## What the exercise asks
Word for word, quote the lines from the one containing "大枝中学校を相手に最後まで粘" to the end of the entries below, including both. Leave pictures out.

[Collection entries]

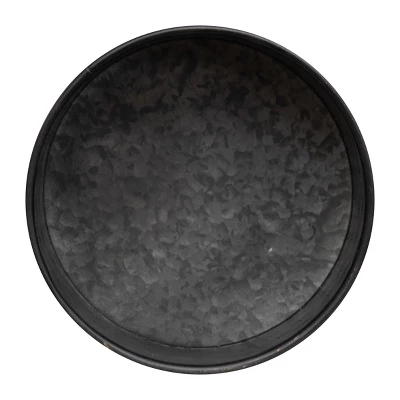 - Embossed metal is finished with a black galvanized finish, contrasted by a warm wood accent stand.
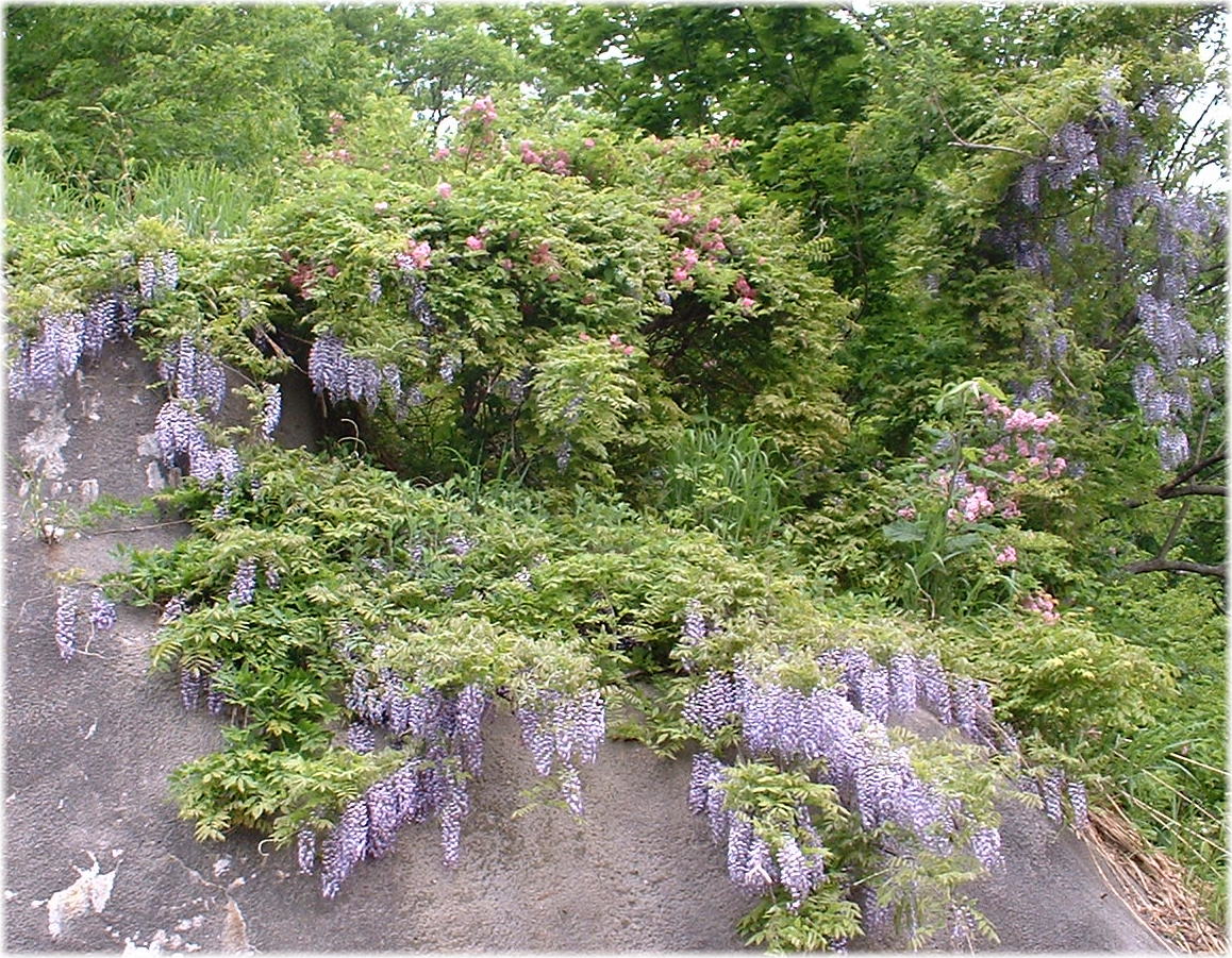 白川ダム道路の岩肌に咲いた藤の花です。 昨年、交通安全のノボリ旗が目印、白滝不動尊のお堂の上に咲いたものです。
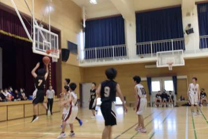 大枝中学校を相手に最後まで粘り強く戦ったものの、残念ながら1回戦敗退となりました。日ごろからチームの課題としていたリバウンドがなかなか取り切れず、チャンスを与える展開となってしまったものの、チームプレーで得点につなげることのできた場面もありました。
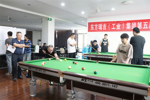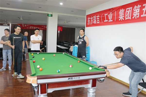 為豐富東方瑞吉(工業(yè))集團(tuán)員工業(yè)余文化生活,增進(jìn)員工間的友誼與交流,營造積極向上、健康生活的良好氛圍,展現(xiàn)拼搏進(jìn)取的精神風(fēng)貌。公司于8月10日上午8點(diǎn)15分舉行了第五屆員工臺球比賽。此次比賽共吸引26名員工參加。
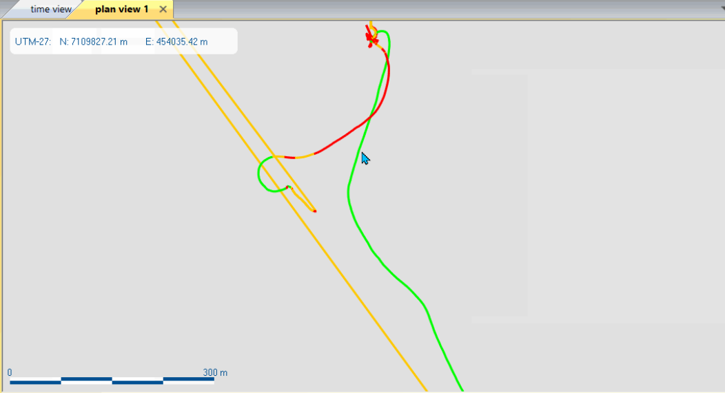 | 4. | Click on the OK button. The trajectory is displayed in several colors: |
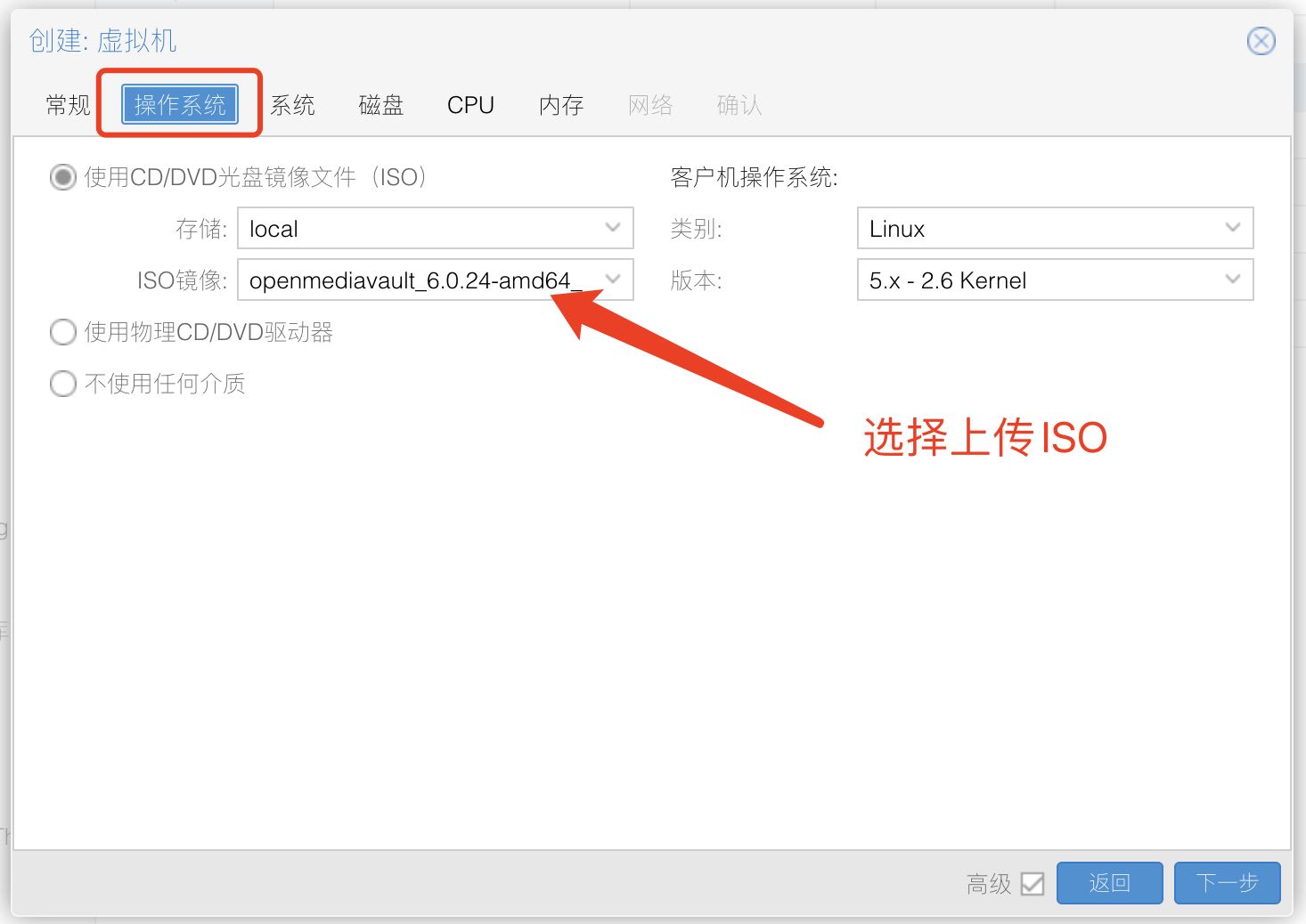 在后续的安装选项中,我们可以在 操作系统 选项卡中找到我们上传的 ISO 镜像

## Task result
 大枝中学校を相手に最後まで粘り強く戦ったものの、残念ながら1回戦敗退となりました。日ごろからチームの課題としていたリバウンドがなかなか取り切れず、チャンスを与える展開となってしまったものの、チームプレーで得点につなげることのできた場面もありました。
 為豐富東方瑞吉(工業(yè))集團(tuán)員工業(yè)余文化生活,增進(jìn)員工間的友誼與交流,營造積極向上、健康生活的良好氛圍,展現(xiàn)拼搏進(jìn)取的精神風(fēng)貌。公司于8月10日上午8點(diǎn)15分舉行了第五屆員工臺球比賽。此次比賽共吸引26名員工參加。
 | 4. | Click on the OK button. The trajectory is displayed in several colors: |
 在后续的安装选项中,我们可以在 操作系统 选项卡中找到我们上传的 ISO 镜像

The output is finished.